The days grew longer. Snow on the top of the mountains melted, and water trickling down the hills turned into rushing streams. The icicles on the sides of the roads grew shorter and shorter, then disappeared. The stream that ran in front of my cottage turned into a river.
    It was a sunny spring day when I headed out to find the Balli girls. I unfolded Mary’s directions and spread them out on the passenger seat. Beyond Pickens and Turkey Bone, I turned onto unpaved back roads. I steered to straddle muddy ruts and finally found the farm. A small handmade sign hanging on the fence read Balli.
    I waited in the car until a woman came out on the porch and calmed the barking German shepherd. She waved, signaled for me to come on in. I was nervous, just dropping in on people I had never met, and I wasn’t sure about the dog.
    I went up to the door, and the woman introduced herself as Freda. She invited me inside, where two older women worked at a patchwork quilt stretched on a frame. The Balli girls at the quilt barely looked at me when they said hello. All three of them wore knit slacks and heavy sweaters, even though it was warm with the woodstove in the kitchen. Their hair was gray, and they had simple, short haircuts, all similar. It looked as if they might have taken turns cutting each other’s hair every now and then. The Balli girls looked sturdy enough, but I was surprised they were still doing farm work on their own. A small black-and-white television sat on a shelf in the corner across from where they were quilting. They were watching a soap opera, and the reception was so poor that all of the actors had shimmering shadows.

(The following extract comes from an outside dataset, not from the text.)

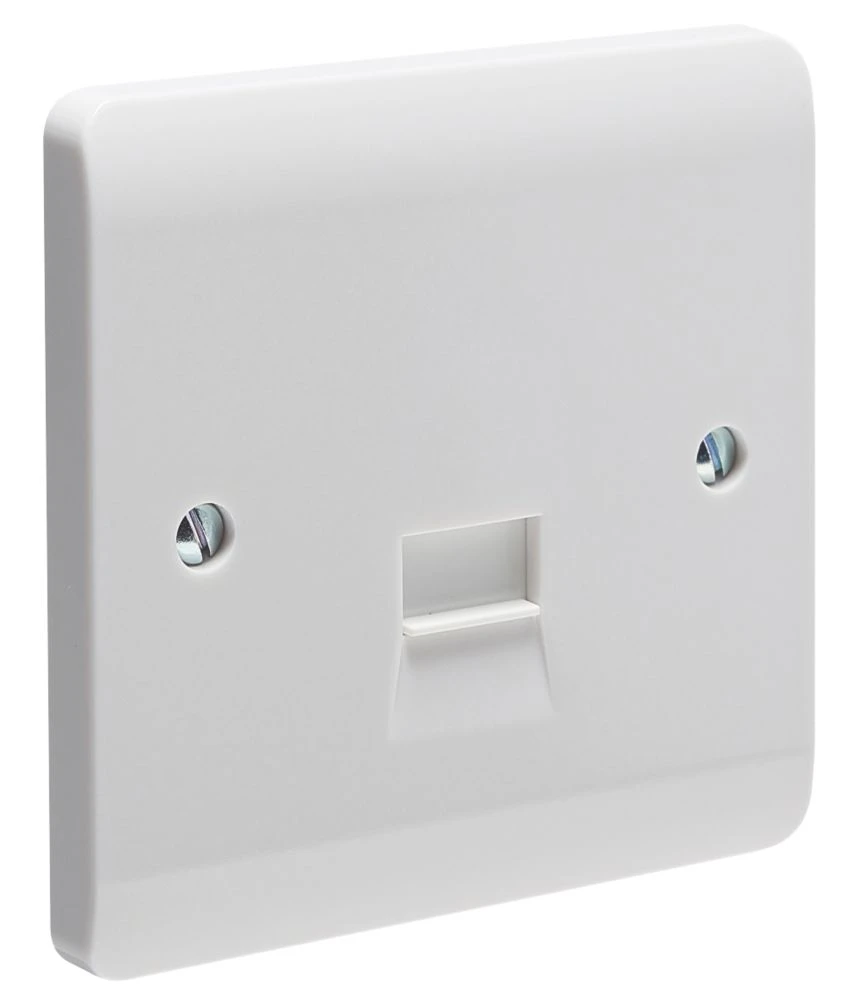 Master telephone socket with a stylish slim faceplate with curved top and bottom edges. Monobloc design gives a sleek appearance and retains the plate integrity.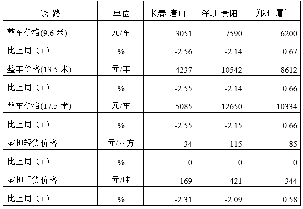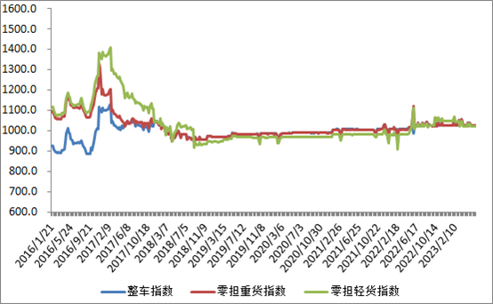 分車型看,各車型指數環比漲跌互現。其中,整車指數為1024.22點,比上周回落0.04%;零擔輕貨指數為1020.35點,比上周回落0.03%;零擔重貨指數為1024.72點,比上周回升0.04%。

    I glanced around the room at the furniture, which in another context might have been called antique. In that place it just felt like furniture.
    “How can we help you today?” Freda said.
    “I wondered if you have any cheese on hand,” I said. “Mary Zickefoose told me you sometimes sell it.”
    “We sure do. Started up making it again just last month. First ones are just getting ready. Come down here to the basement with me and pick one out.”
    I followed Freda down the steep basement stairs. She pulled the chain to turn on the light, a single bulb suspended from the rafter. A series of screened shelves hung from the ceiling.
    “The ones at that end are the oldest,” she said, pointing to the bottom shelf.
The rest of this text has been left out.